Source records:
--------------------
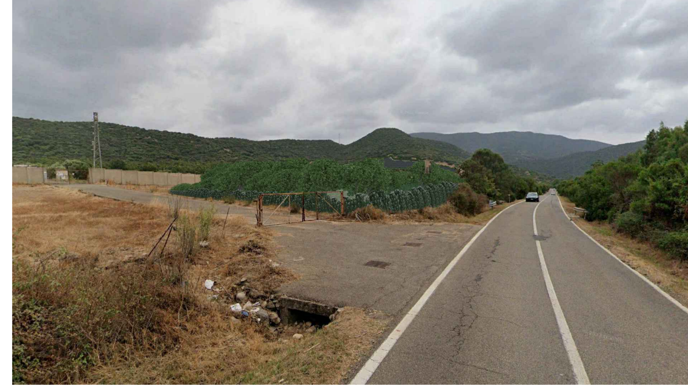
Vista 2 - Stato Post Operam
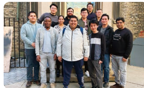
お世話になった研究室のメンバー

など実践的なスキルを身につけることができます。2年・3年次には、材料工学の専門科目を履修し、専門性を身につけていきます。特に、3年時の必修科目であるデザインプロジェクトでは、チームを組み、CADやFEA (有限要素法)、3Dプリンターを用いて1からものづくりを体験します。そして、4年次には、チームを組み、企業が抱える問題に対し学習した内容を活用して
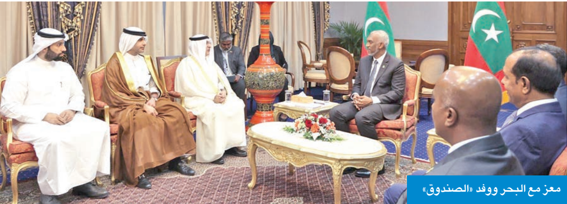
معز مع البحر ووفد «الصندوق»

الاحتفالات الجمهورية بذكرى استقلالها، وفي يوم يشهد كذلك افتتاح مشروع توسعة مطار فيلانا الدولي في العاصمة ماليه، برعاية وحضور الرئيس معز، وهو المشروع الذي يساهم الصندوق الكويتي للتنمية في تمويله ضمن جهوده لدعم قطاع النقل الحيوي في البلاد. وأعرب رئيس المالديف خلال اللقاء عن بالغ شكره وتقديره لدولة الكويت، مشيداً بالدور الريادي الذي يقوم به
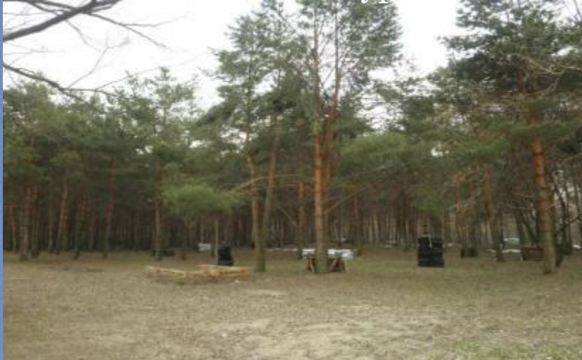
Сосновый бор для пейнтбола и верёвочного курса
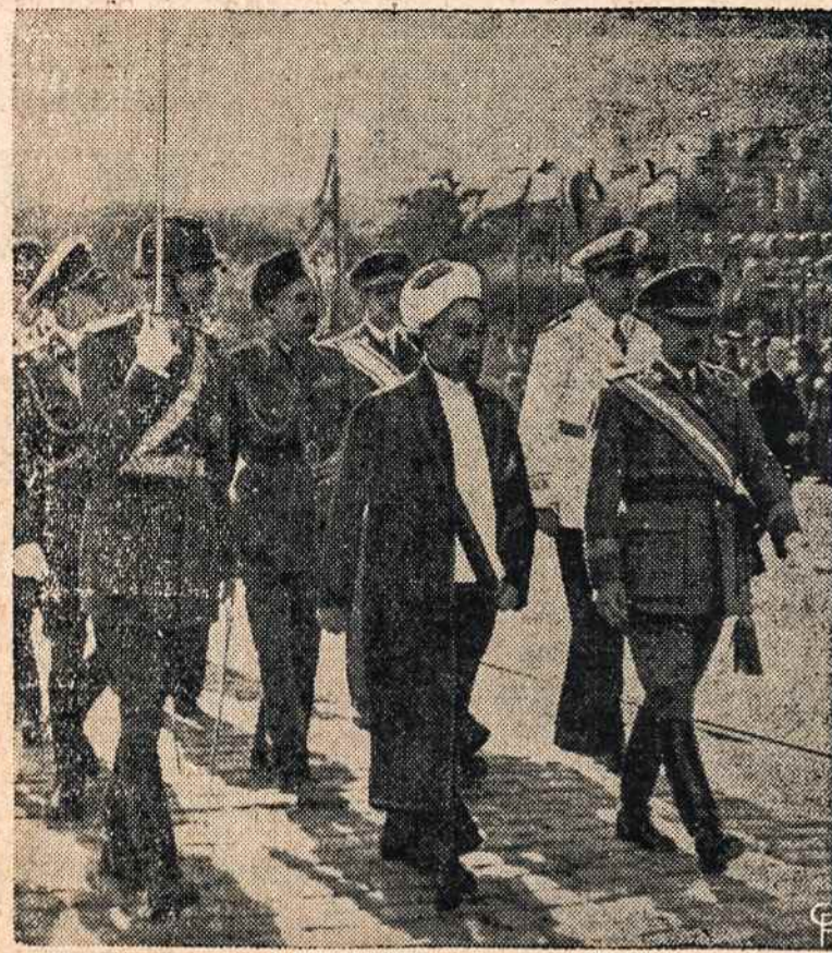
Transjordanijos valdovas, karalius Abdullah žygiuoja greta Ispanijos generalissimo Franko, lydimi garbės sargybos. Abdullah yra pirmas valstybės galva, kuris aplanko Franko po jo valdžios paėmimo Ispanijoje.
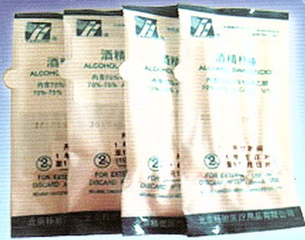
一次性使用酒精棉棒 (10支装)
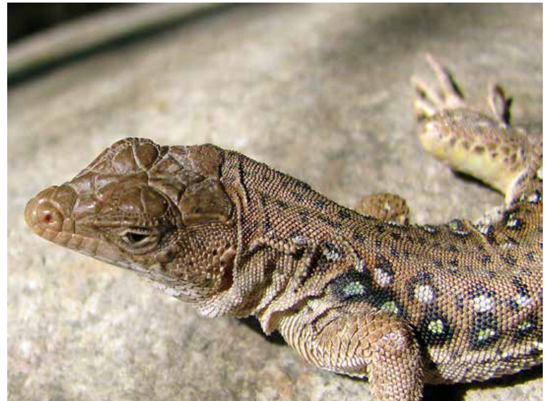
Eremias velox ssp. borkini , Киргизский хр., ущ. Карандолот, март 2011 г.
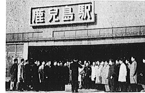
鹿児島駅頭でカレッジソング
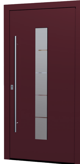
MS 04 Ud-Wert: 0,80 Farbe: ca. RAL 3004 Purple FS
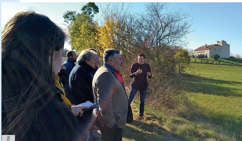
1. Le paysage de Lalbenque (vu depuis Ausset)
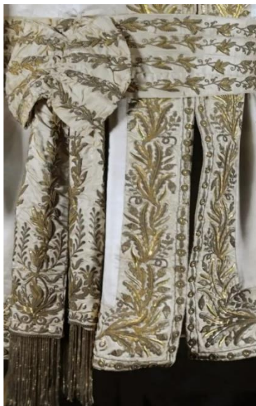
Traje majestático - faixa. Bordada com fios de ouro formando lírios e campânulas em cada uma das quatro pregas, dispostos no sentido horizontal. A faixa contorna a cintura da veste e é arrematada, no lado direito, por laço do qual pendem duas pontas com franjas de canutilhos dourados. Material: cetim branco e fios de Ouro. Dimensões: 25 cm (largura). Coleção Família Imperial. 109
--------------------
* _Exercise description_
If a line in the records above includes the string "الصندوق", copy it.

* _Answer to the problem_
معز مع البحر ووفد «الصندوق»
الاحتفالات الجمهورية بذكرى استقلالها، وفي يوم يشهد كذلك افتتاح مشروع توسعة مطار فيلانا الدولي في العاصمة ماليه، برعاية وحضور الرئيس معز، وهو المشروع الذي يساهم الصندوق الكويتي للتنمية في تمويله ضمن جهوده لدعم قطاع النقل الحيوي في البلاد. وأعرب رئيس المالديف خلال اللقاء عن بالغ شكره وتقديره لدولة الكويت، مشيداً بالدور الريادي الذي يقوم به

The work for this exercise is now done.